**Supplied entries:**
______
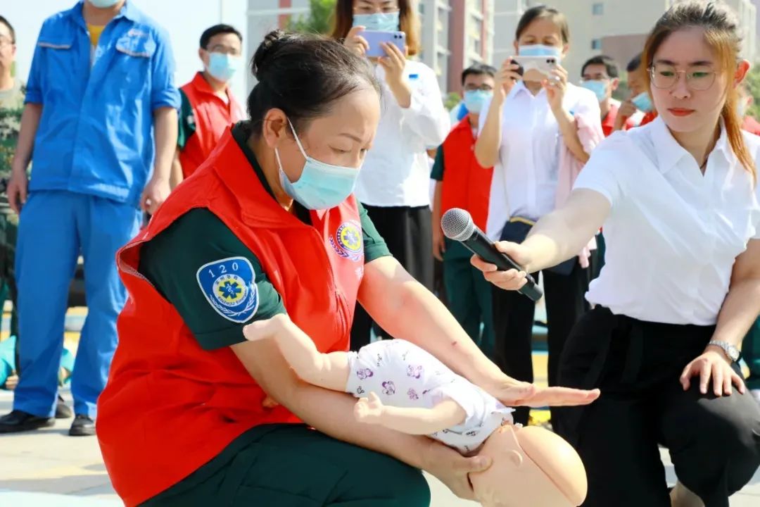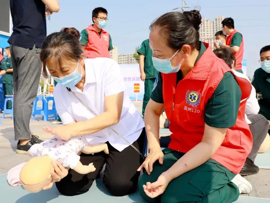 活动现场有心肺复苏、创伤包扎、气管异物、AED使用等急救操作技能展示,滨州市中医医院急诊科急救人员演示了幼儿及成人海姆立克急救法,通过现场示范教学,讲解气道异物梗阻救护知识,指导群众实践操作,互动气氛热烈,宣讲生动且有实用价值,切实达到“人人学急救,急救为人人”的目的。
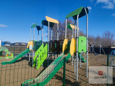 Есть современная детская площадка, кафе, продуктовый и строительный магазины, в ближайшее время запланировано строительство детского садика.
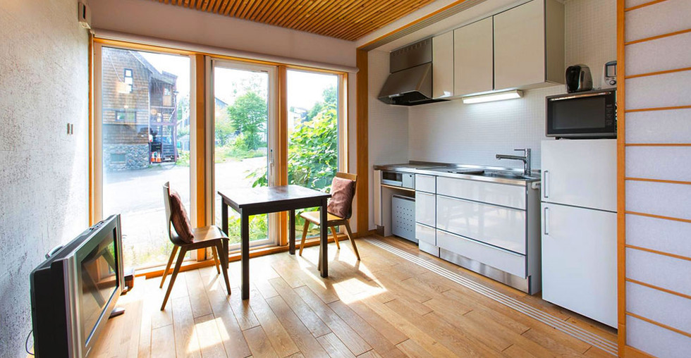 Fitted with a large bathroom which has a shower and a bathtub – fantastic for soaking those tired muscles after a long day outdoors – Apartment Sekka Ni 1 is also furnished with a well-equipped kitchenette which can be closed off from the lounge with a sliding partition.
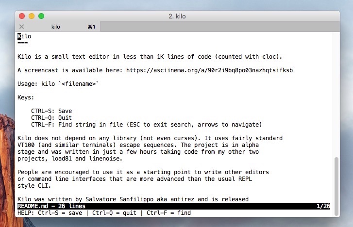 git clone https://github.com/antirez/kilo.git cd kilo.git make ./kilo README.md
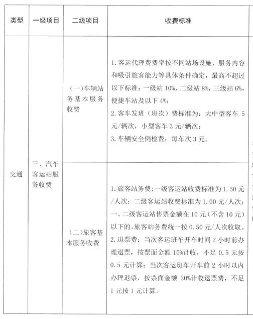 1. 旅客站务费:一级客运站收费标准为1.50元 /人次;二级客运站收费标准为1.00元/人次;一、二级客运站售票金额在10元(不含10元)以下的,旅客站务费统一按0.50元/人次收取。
______
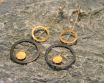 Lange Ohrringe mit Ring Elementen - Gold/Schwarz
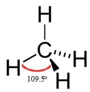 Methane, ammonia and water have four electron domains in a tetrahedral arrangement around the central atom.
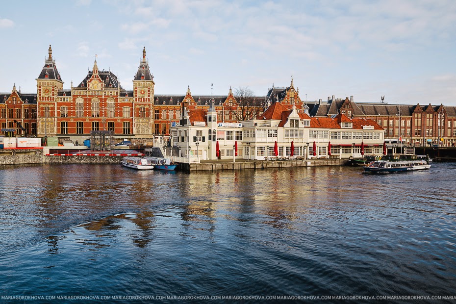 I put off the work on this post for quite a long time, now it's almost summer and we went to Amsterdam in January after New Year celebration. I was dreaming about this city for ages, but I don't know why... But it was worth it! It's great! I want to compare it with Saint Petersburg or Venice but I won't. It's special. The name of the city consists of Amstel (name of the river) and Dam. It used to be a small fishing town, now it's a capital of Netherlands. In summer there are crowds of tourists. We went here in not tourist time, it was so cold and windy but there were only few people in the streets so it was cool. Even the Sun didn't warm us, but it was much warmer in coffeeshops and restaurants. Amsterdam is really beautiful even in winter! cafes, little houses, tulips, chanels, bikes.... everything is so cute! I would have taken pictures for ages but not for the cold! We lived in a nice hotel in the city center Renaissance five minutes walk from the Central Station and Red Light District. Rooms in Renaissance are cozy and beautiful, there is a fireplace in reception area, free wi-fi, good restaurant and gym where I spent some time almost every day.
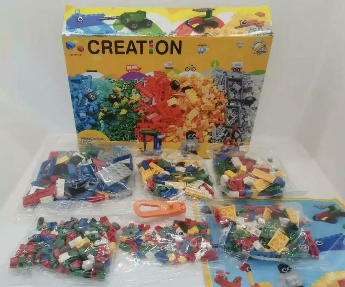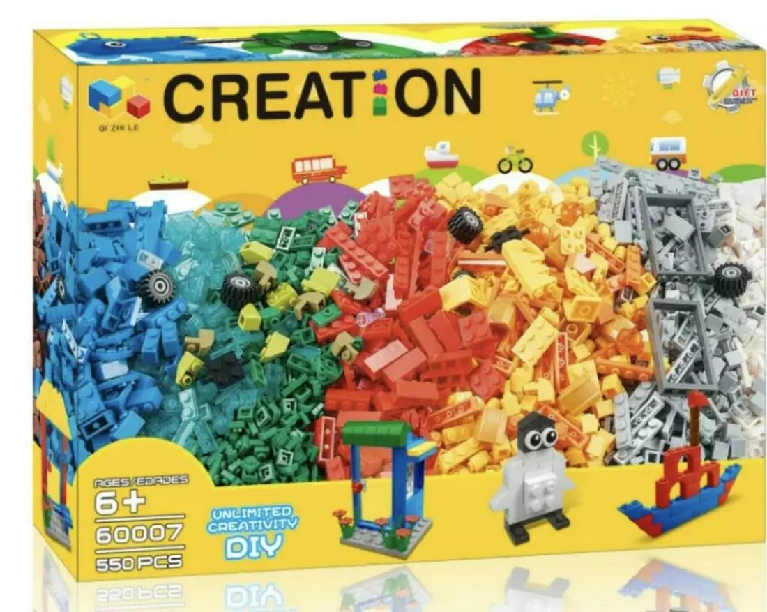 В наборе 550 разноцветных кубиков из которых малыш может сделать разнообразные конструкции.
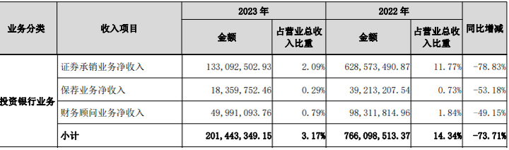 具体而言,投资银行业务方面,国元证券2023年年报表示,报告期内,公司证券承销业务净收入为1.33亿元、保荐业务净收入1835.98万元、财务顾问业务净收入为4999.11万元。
______
**Task goal:** Everything from the line above that contains "Lange Ohrringe mit" down to the line that contains "Methane, ammonia and" must be reproduced exactly, both ends included. Omit the pictures.

**Written solution:**
 Lange Ohrringe mit Ring Elementen - Gold/Schwarz
 Methane, ammonia and water have four electron domains in a tetrahedral arrangement around the central atom.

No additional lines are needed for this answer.